How Does AI Help Developers?
Essentially, a virtual expert fills the role of a tech lead, providing guidance, doing some of the more common tasks, conducting the code review, and validating the quality of the software. How AI assists in the development process throughout the software development lifecycle (SDLC) can be divided into three main buckets.
AI-assisted development automates common operations that are repetitive and time-consuming, including testing. Machine learning (ML) models based on millions of anonymized patterns can suggest and even choose next best steps in development. If an application fails a test, AI can also provide feedback to the developer about the areas that need to be remedied. As a result, developers are more productive and engaged, and novices benefit from the lessons learned from similar programming.

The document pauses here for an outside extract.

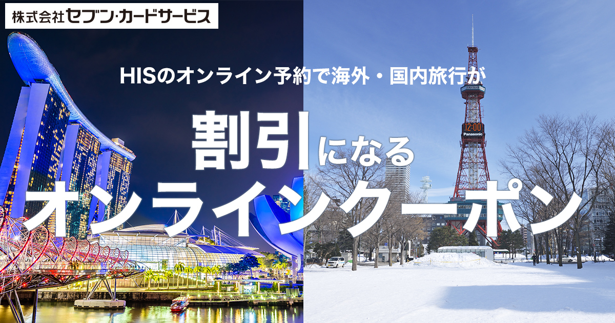 HIS海外旅行オンライン予約・HIS国内旅行オンライン予約にて、セブンカード・プラス/セブンカードでの決済時に対象商品が5%オフになるクーポンを配布

AI-assisted development includes discovery tools that analyze application dependencies, identifying violations and “red flagging” the elements (actions, screens, entities) that are assembled in the wrong place. They enforce best practices and identify duplicate code while enabling teams to keep pace with accelerated production schedules.
During the application development process, developers sometimes get stuck. AI-assisted development helps them find what they are looking for and get them back on track sooner. For instance, contextualized search experience accessed from the development environment can bring up online resources that might help to complete the task they are undertaking. And next-step suggestions walk developers through logic flows.

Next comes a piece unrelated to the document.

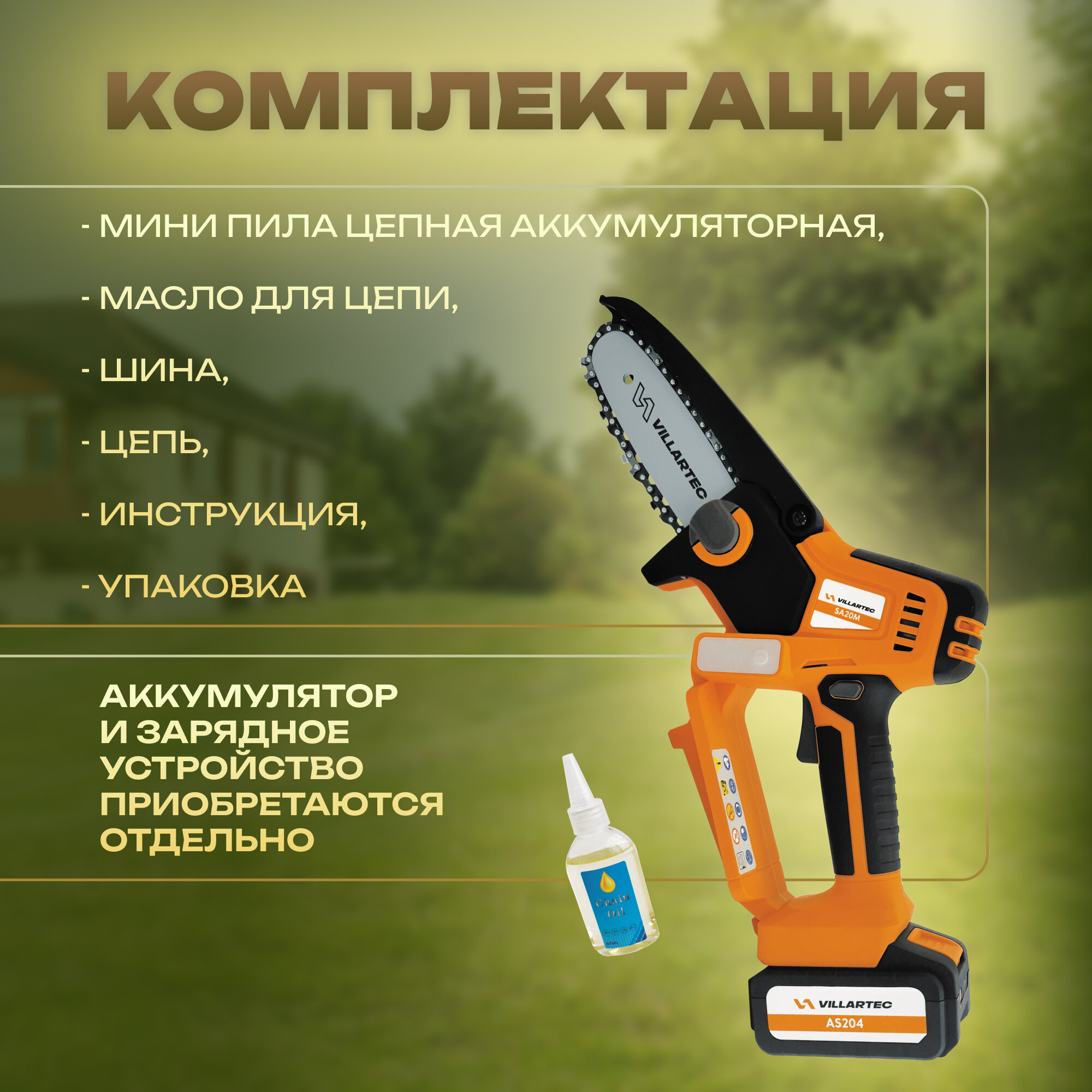 Мини пила цепная аккумуляторная, секатор садовый 20 В / VILLARTEC SA20M интересное:

AI-Assisted Development Examples
Examples of AI-assisted development include:
- Automated code analysis: A tool that uses artificial intelligence to analyze source code to identify vulnerabilities, bugs, or errors. This reduces the amount of time needed for manual code review and allows developers to solve problems faster.
- Automated testing frameworks: These use AI to automate tests for web applications, mobile apps, and other software products. Developers can run tests more frequently and identify bugs before they become major problems.
- Predictive analytics: Uses AI to predict future events or trends to help businesses better understand customer and market needs so they can build the right software.
- Natural processing language (NPL): This branch of AI enables computers to understand and interpret natural language. Developers can more easily communicate with their applications, and they can build chatbots that understand what people are saying in customer service conversations.
- Computer vision: This type of AI enables machines to recognize objects in an image or video. This technology can be used for a variety of tasks in development such as facial recognition, object identification, and even autonomous vehicles.
- Automated machine learning: When machine learning is automated, models are trained quickly and accurately. Automation reduces the amount of time needed for model development and helps businesses create more accurate models in less time.
The Future of AI-Assisted Development
Elite DevOps performers are pushing out clean code into production environments multiple times a day. There is no way that this velocity can be maintained – let alone improved upon – without the automation provided by AI.
At OutSystems, our mission is to enable every company to innovate through the power of software. By adding AI to all stages of the development process, the OutSystems low-code platform helps development teams maximize their existing capabilities, freeing them to focus on the software that truly makes the difference, instead of wasting their time on just keeping the lights on. Our vision for the future of AI-assisted rapid software development includes:
- App generation using conversational prompts: Instead of writing code, developers will describe an application in natural language and generative AI will do the heavy lifting.
- Real-time visual representations of app changes: To eliminate the “black box problem” created by generative AI, the OutSystems visual language will make it easy to validate the output of generative AI.
- Extensive ecosystem of AI connectors: Customers can easily build AI-powered apps in a matter of minutes with connectors to common services from Microsoft, Google, Amazon, and other third-party providers.